(Stored data)
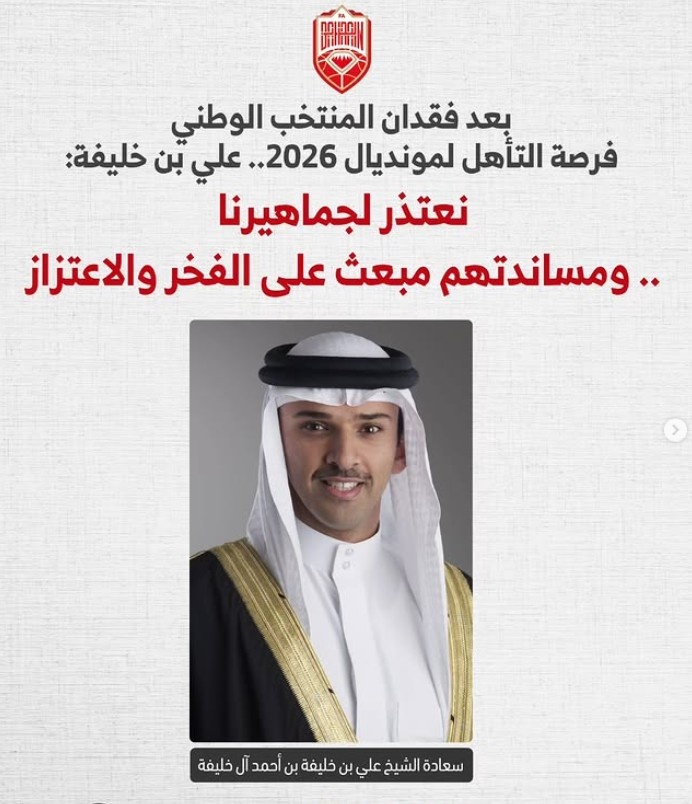 巴林足协主席致歉世预赛出局 力挺球队:潜力无限!
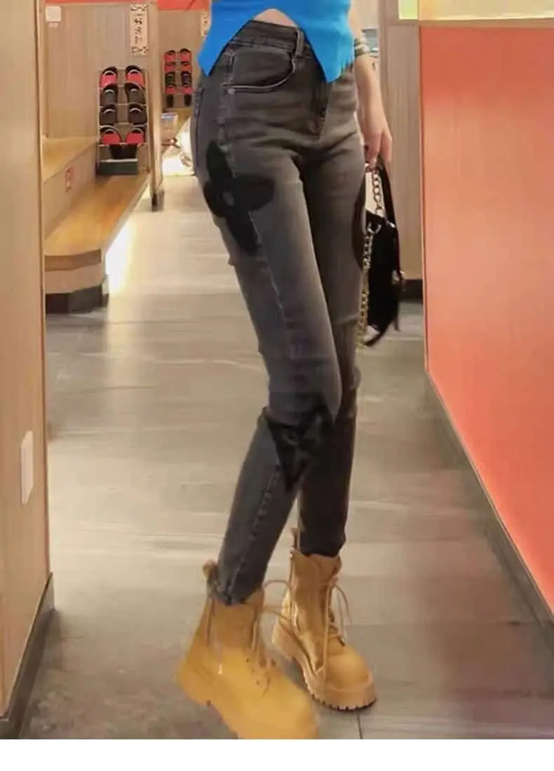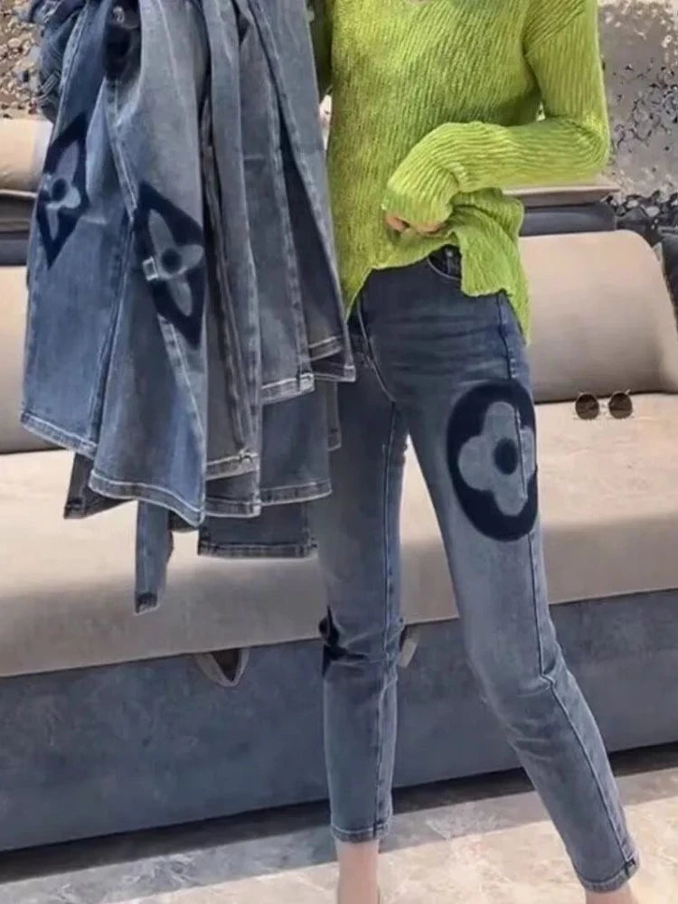 High Waist Slim Fit Elastic Straight Leg Jeans
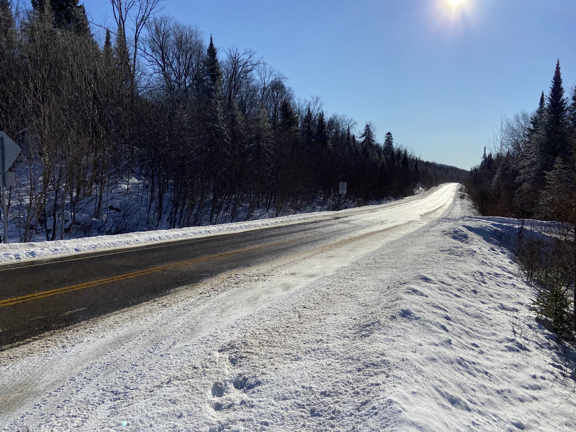 The circuit around Mont Tremblant in the Laurentians is mostly known for cycling in summer. The entire circuit has over 1000 meters in elevation change and features twists with bad camber. However, it’s almost impossible to cycle safely in the winter, so it’s mostly cars between December and April.
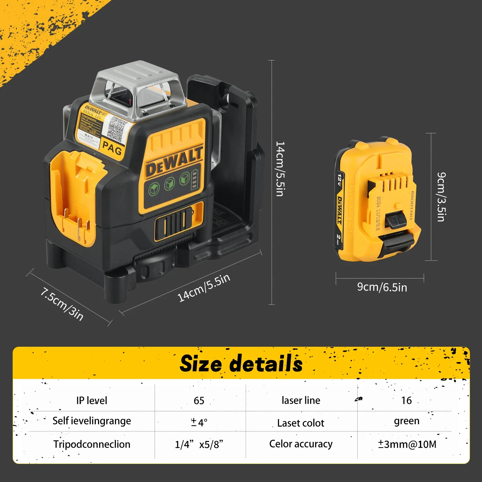 2025 New! DEWALT DW089LG Laser Level - 12V Lithium Battery, 360° Horizontal & Vertical Green Lines, 3 Sides Coverage
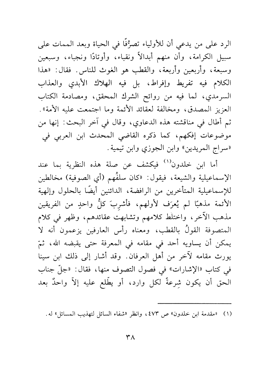 أما ابن خلدون (¬١) فيكشف عن صلة هذه النظرية بما عند الإسماعيلية والشيعة، فيقول: "كان سلفُهم (أي الصوفية) مخالطين للإسماعيلية المتأخرين من الرافضة، الدائنين أيضًا بالحلول وإلهية الأئمة مذهبًا لم يُعرَف لأولهم، فأشرِبَ كلُّ واحدٍ من الفريقين مذهب الآخر، واختلط كلامهم وتشابهت عقائدهم، وظهر في كلام المتصوفة القولُ بالقطب، ومعناه رأس العارفين يزعمون أنه لا يمكن أن يساويه أحد في مقامه في المعرفة حتى يقبضه الله، ثمّ يورث مقامه لآخر من أهل العرفان. وقد أشار إلى ذلك ابن سينا في كتاب "الإشارات" في فصول التصوف منها، فقال: "جلّ جناب الحق أن يكون شِرعةً لكل وارد، أو يطلع عليه إلاّ واحدٌ بعد
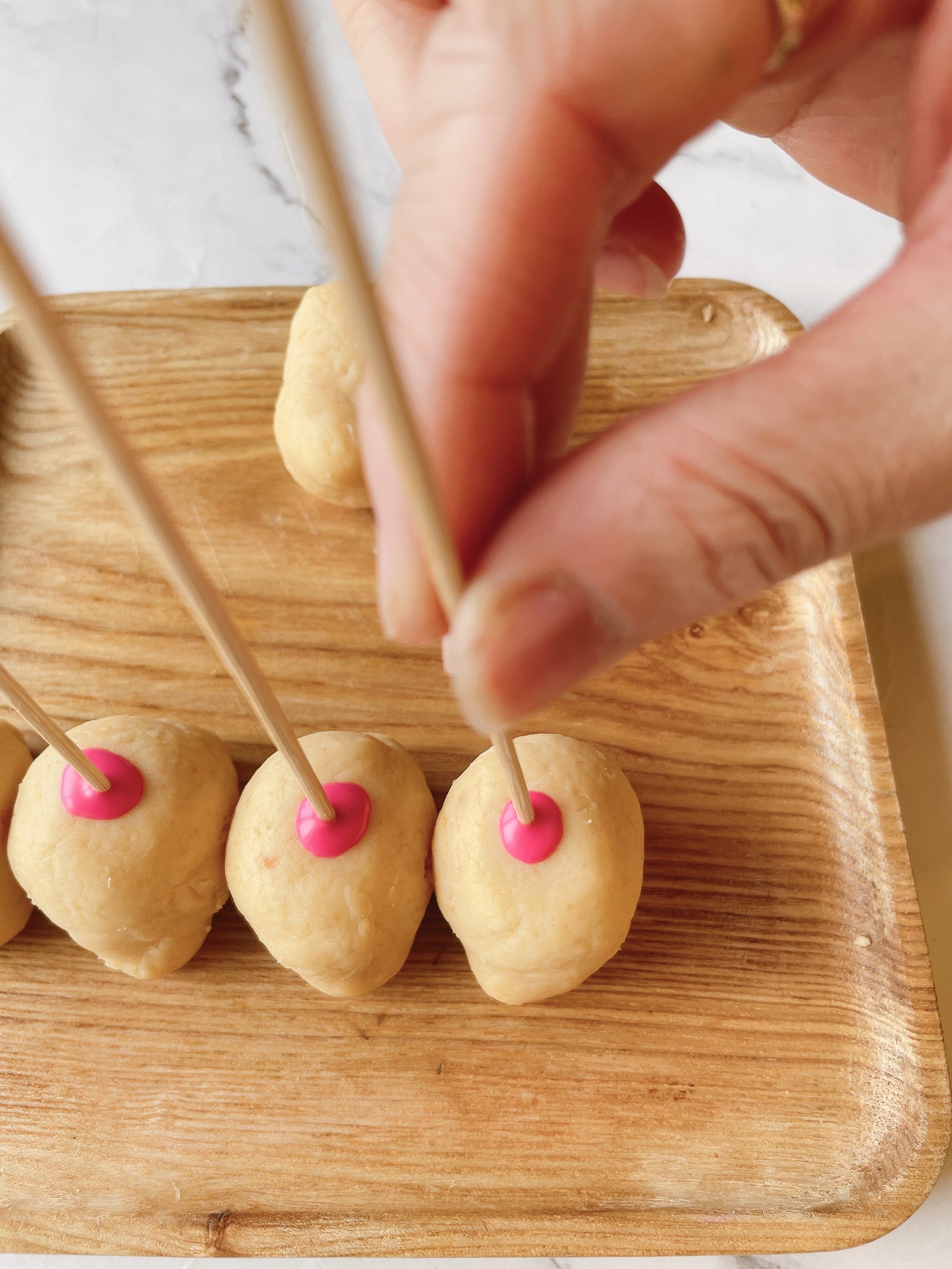 Lấy que tre nhúng 1 đầu vào túi socola rồi nhanh tay cắm vào viên bánh . Việc này sẽ giúp cố định viên bánh ở đầu que được chắn chắn.
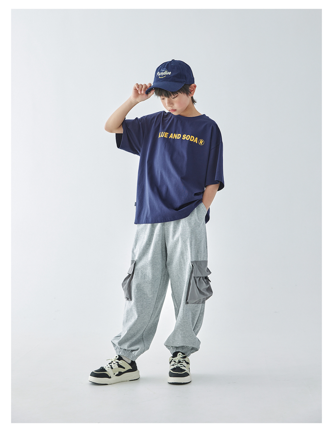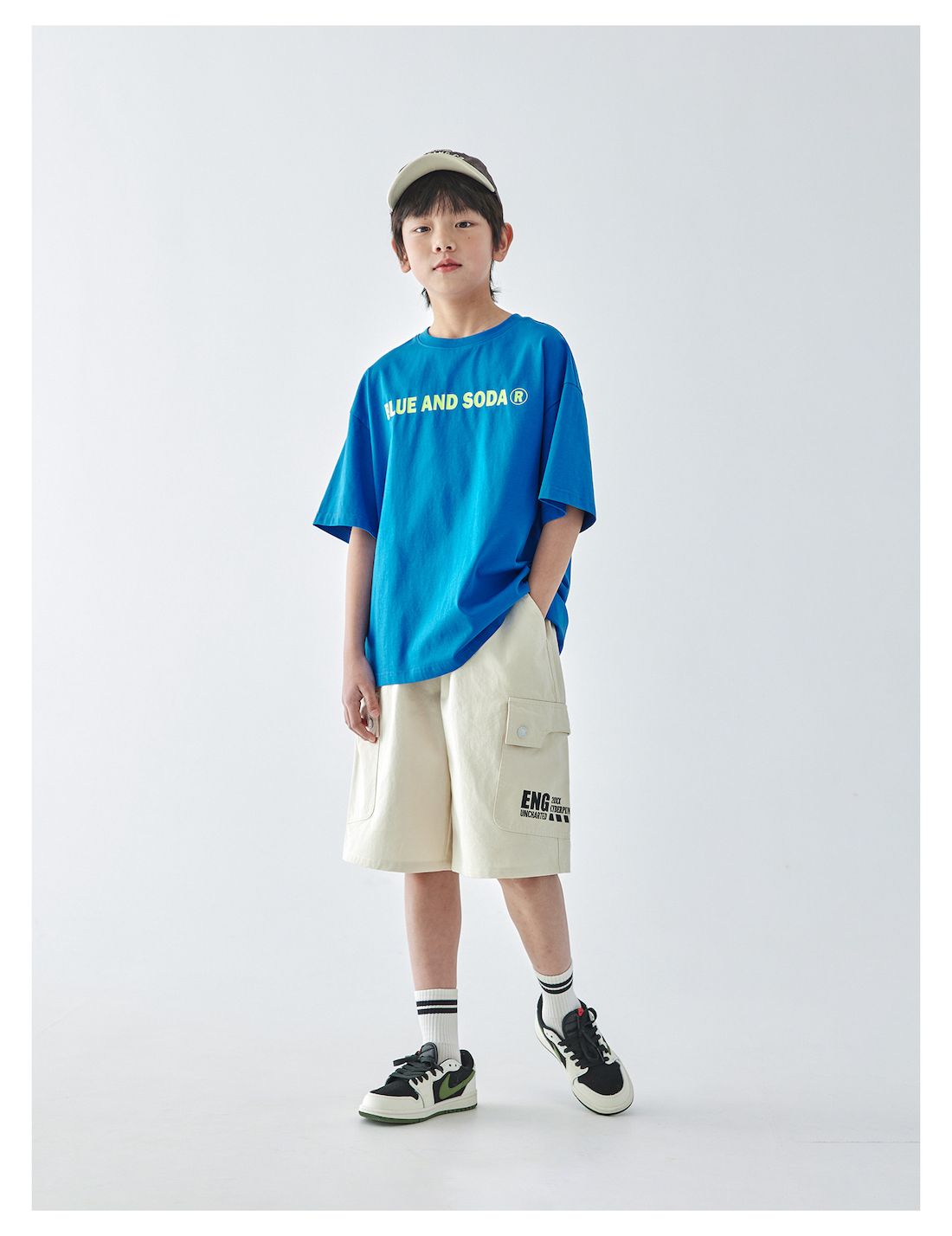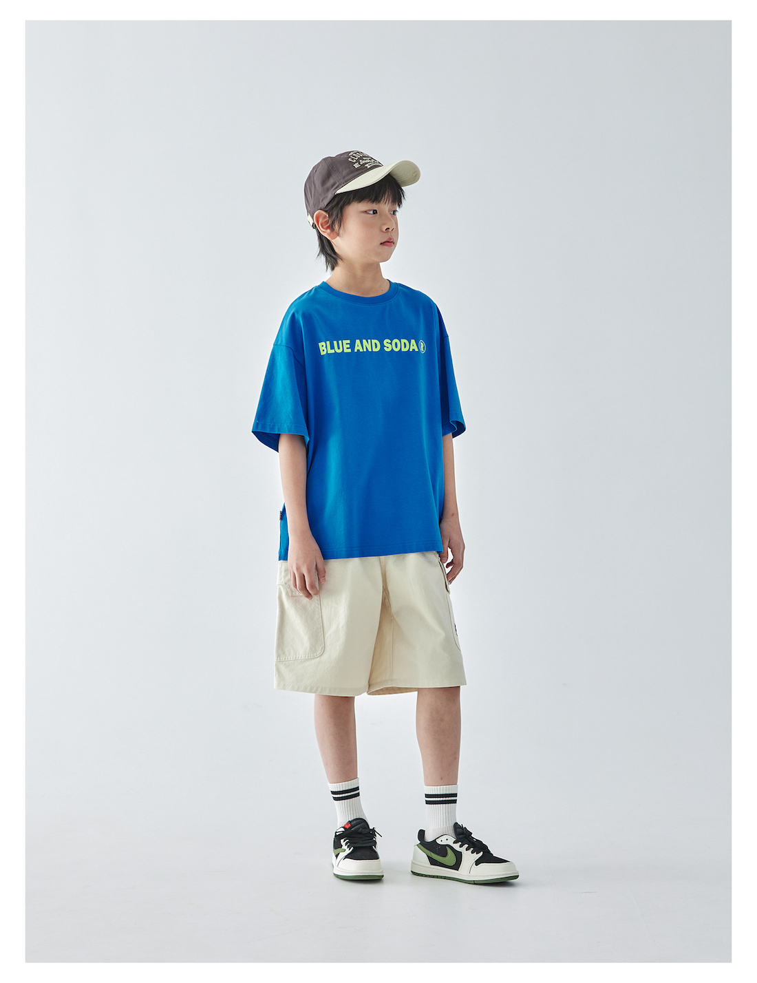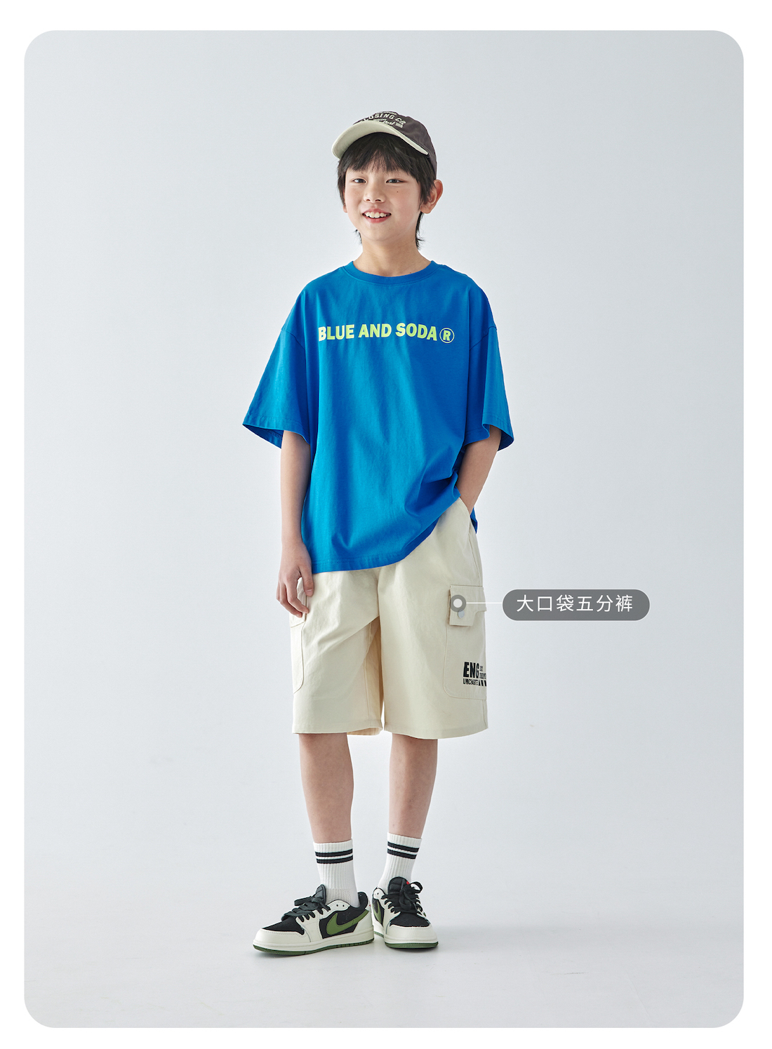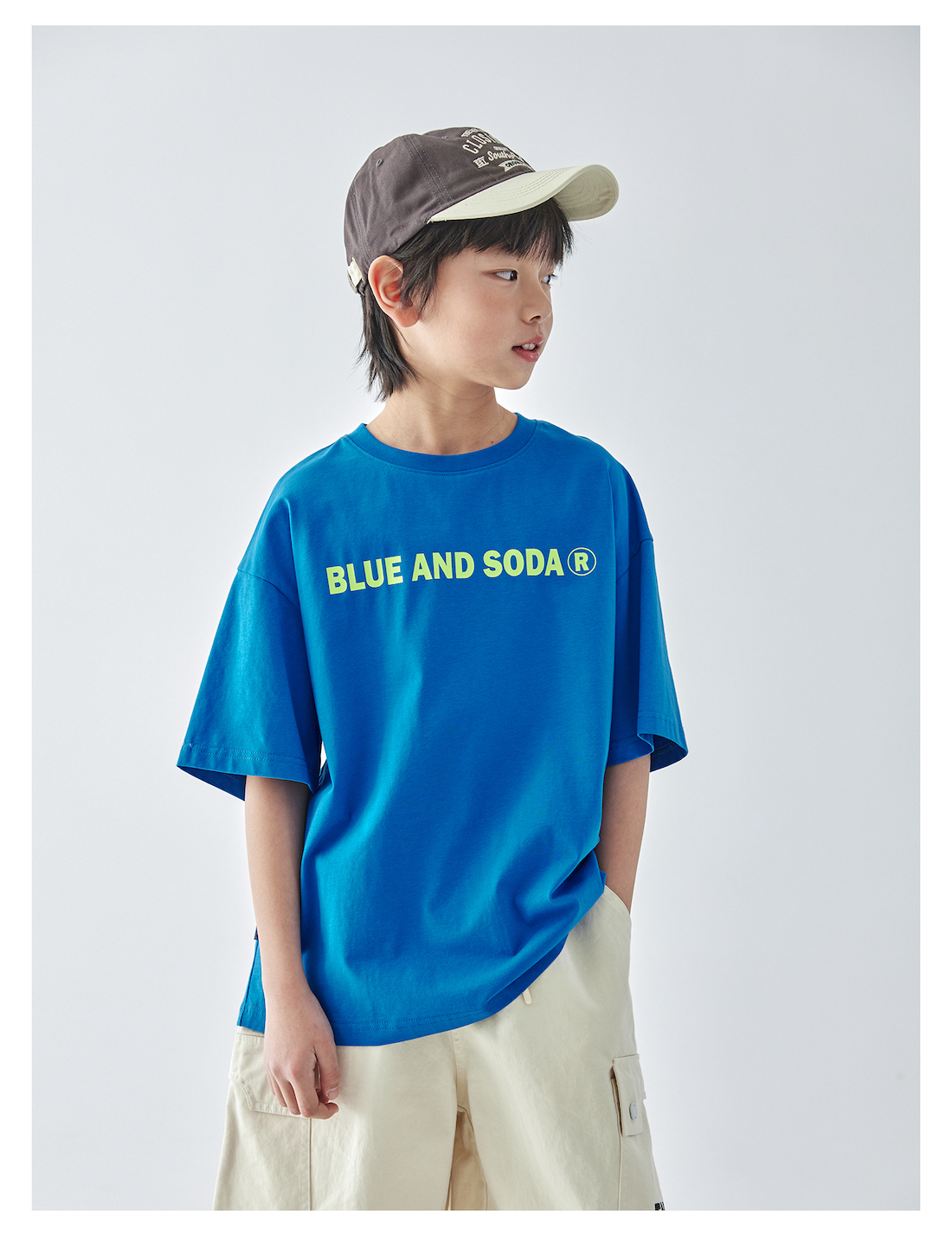 【代发】男童撞色LOGOT恤 蓝汽水简约字母印花短袖夏季上衣藏青/白色/粉色/蓝色

▶ Goal of the exercise: Pictures should be skipped, and the records retyped word for word.

▶ Solution:
 巴林足协主席致歉世预赛出局 力挺球队:潜力无限!
 High Waist Slim Fit Elastic Straight Leg Jeans
 The circuit around Mont Tremblant in the Laurentians is mostly known for cycling in summer. The entire circuit has over 1000 meters in elevation change and features twists with bad camber. However, it’s almost impossible to cycle safely in the winter, so it’s mostly cars between December and April.
 2025 New! DEWALT DW089LG Laser Level - 12V Lithium Battery, 360° Horizontal & Vertical Green Lines, 3 Sides Coverage
 أما ابن خلدون (¬١) فيكشف عن صلة هذه النظرية بما عند الإسماعيلية والشيعة، فيقول: "كان سلفُهم (أي الصوفية) مخالطين للإسماعيلية المتأخرين من الرافضة، الدائنين أيضًا بالحلول وإلهية الأئمة مذهبًا لم يُعرَف لأولهم، فأشرِبَ كلُّ واحدٍ من الفريقين مذهب الآخر، واختلط كلامهم وتشابهت عقائدهم، وظهر في كلام المتصوفة القولُ بالقطب، ومعناه رأس العارفين يزعمون أنه لا يمكن أن يساويه أحد في مقامه في المعرفة حتى يقبضه الله، ثمّ يورث مقامه لآخر من أهل العرفان. وقد أشار إلى ذلك ابن سينا في كتاب "الإشارات" في فصول التصوف منها، فقال: "جلّ جناب الحق أن يكون شِرعةً لكل وارد، أو يطلع عليه إلاّ واحدٌ بعد
 Lấy que tre nhúng 1 đầu vào túi socola rồi nhanh tay cắm vào viên bánh . Việc này sẽ giúp cố định viên bánh ở đầu que được chắn chắn.
 【代发】男童撞色LOGOT恤 蓝汽水简约字母印花短袖夏季上衣藏青/白色/粉色/蓝色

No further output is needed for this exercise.